In 1902 Musco began a collaboration with Nino Martoglio, who had seen him in Rome in Malia of Luigi Capuana and I Mafiusi of Giuseppe Rizzotto and Gaetano Mosca. Martoglio became director of Musco's company in 1907, and wrote for him the plays San Giovanni decollatu and L'aria del continente. Musco also collaborated with Pier Maria Rosso di San Secondo, author of the play Madre, and he worked with Marinella Bragaglia and Rosina Anselmi. He also founded his own theater company, supported by the critic Renato Simoni and by Luigi Pirandello. The latter wrote a number of comedies for him to play, including Il berretto a sonagli (which he played in Rome), Liolà, and Pensaci, Giacomino!. This last was filmed with Musco in the lead role; his cinematic career had begun in 1932 and was a great success.

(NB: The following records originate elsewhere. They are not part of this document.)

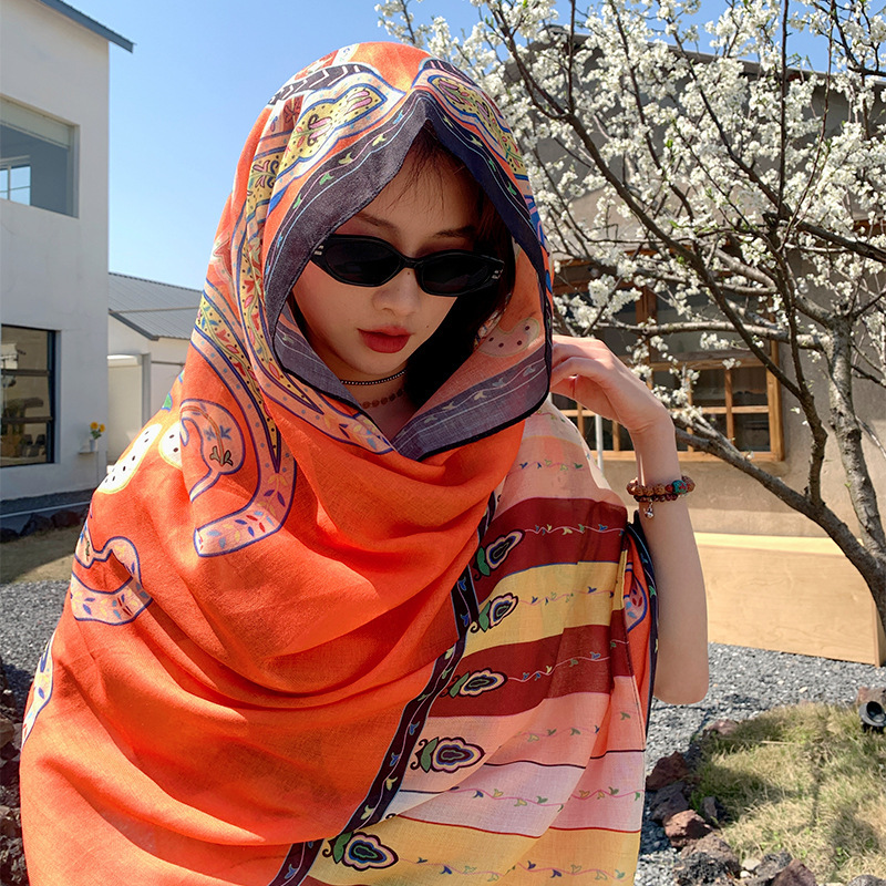 여름 새로운 스티칭면과 린넨 느낌 관광 자외선 차단제 비치 타올 사막 북서쪽 장식 숄 케이프를 착용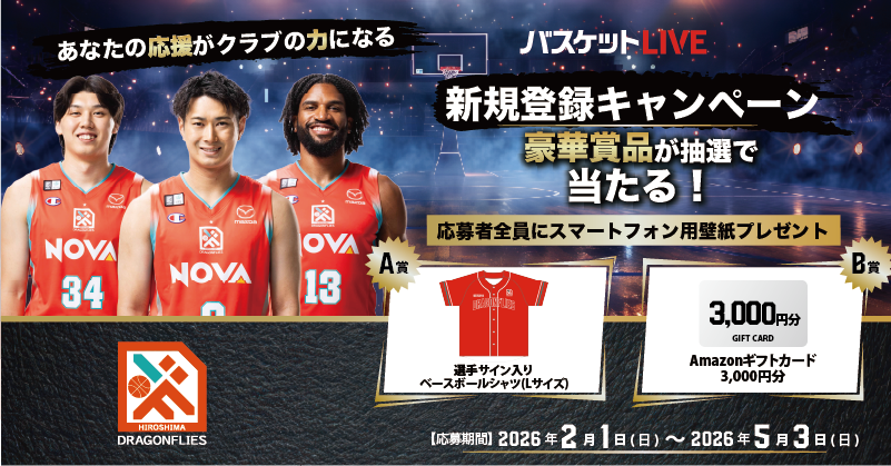 今シーズンも後半戦に突入し、さらに熱い試合が続くこの時期に「バスケットLIVE 新規登録キャンペーン」を実施いたします。バスケットLIVEの新規ご利用登録&視聴を行っていただき、応募フォームからエントリーしていただくと、抽選で選べる豪華賞品が当たるキャンペーンを実施いたします。下記のクラブ専用URLから登録を行っていただくことでクラブへの支援にも繋がりますので、既にご登録いただいている方はお近くの皆さまにもご紹介頂きますようお願いいたします!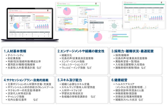 プラスアルファ・コンサルティングでは、タレントマネジメントシステム「タレントパレット」を通じて、採用から人材配置、人材育成、エンゲージメント向上、健康経営などあらゆる人事領域に対してデータに基づいた科学的なアプローチを支援してきました。人的資本開示のニーズが高まる中、タレントパレットの強みである各種人事データの集約と豊富な分析機能を活用し、ダイバーシティや要員計画、エンゲージメント指数、後継者育成状況、スキル保有人材状況など、企業が開示する人的資本指標の策定支援からダッシュボード構築までを支援する「人的資本開示支援コンサルティングサービス」を提供しています。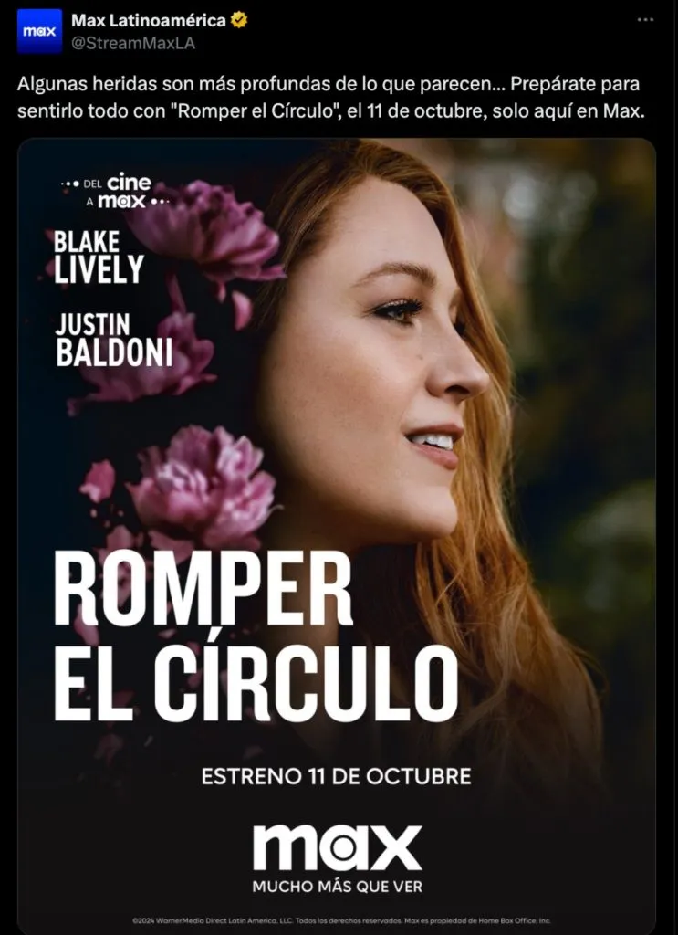 Después de ser furor en las salas de cine en el mes de agosto, la película ‘Romper el círculo’ (It Ends with Us) estará se estrena en Max (HBO) el próximo viernes 11 de octubre.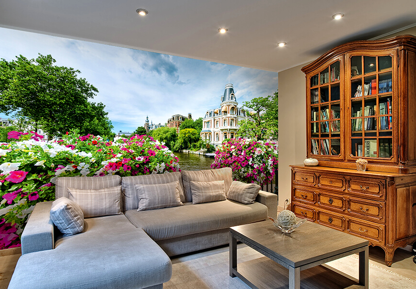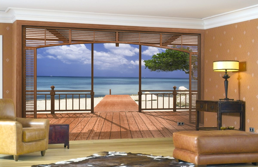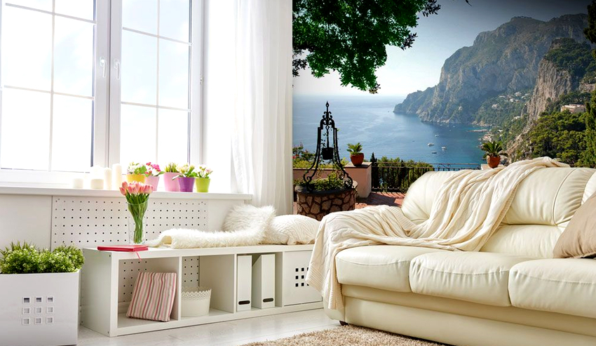 Photo wallpaper imitating the view from the window will help create coziness and comfort in the house. This option is especially relevant for rooms with a limited supply of natural light. In addition, such canvases will help to visually enlarge the space, while conveying the dynamism of the metropolis, the beauty of a spring garden or the relaxing atmosphere of the sea coast. These wallpapers are versatile, so they can be used in a variety of environments. In addition, if you could not find the desired option in the retail network, then you can make wallpaper to order.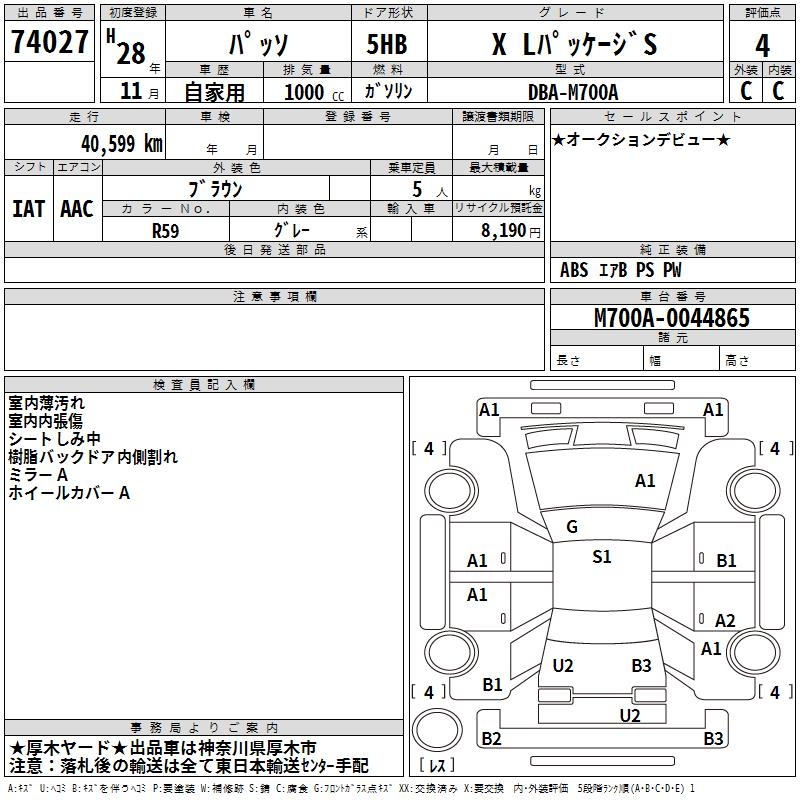 TOYOTA PASSO X L PACKAGE S - лот 74027

Musco died suddenly in Milan in 1936, immediately after a performance. He was the subject of a documentary directed by Giorgio Walter Chili in 1953, C'era una volta Angelo Musco.

==Filmography==
- Five to Nil (1932)
- The Matchmaker (1934)
- L'eredita dello zio buonanima (1934)
- God's Will Be Done (1936)
- The Amnesiac (1936)
- King of Diamonds (1936)
- L'aria del continente (1936)
- Pensaci, Giacomino! (1937)
- Gatta ci cova (1937)
- The Ferocious Saladin (1937)

==Bibliography==
- S. Zappulla Muscarà, E. Zappulla, Musco: immagini di un attore Catania, Giuseppe Maimone editore, 1987, ISBN 8877510137.
- E. Zappulla Angelo Musco e il teatro del suo tempo Catania, Giuseppe Maimone editore, 1991, ISBN 8877510471.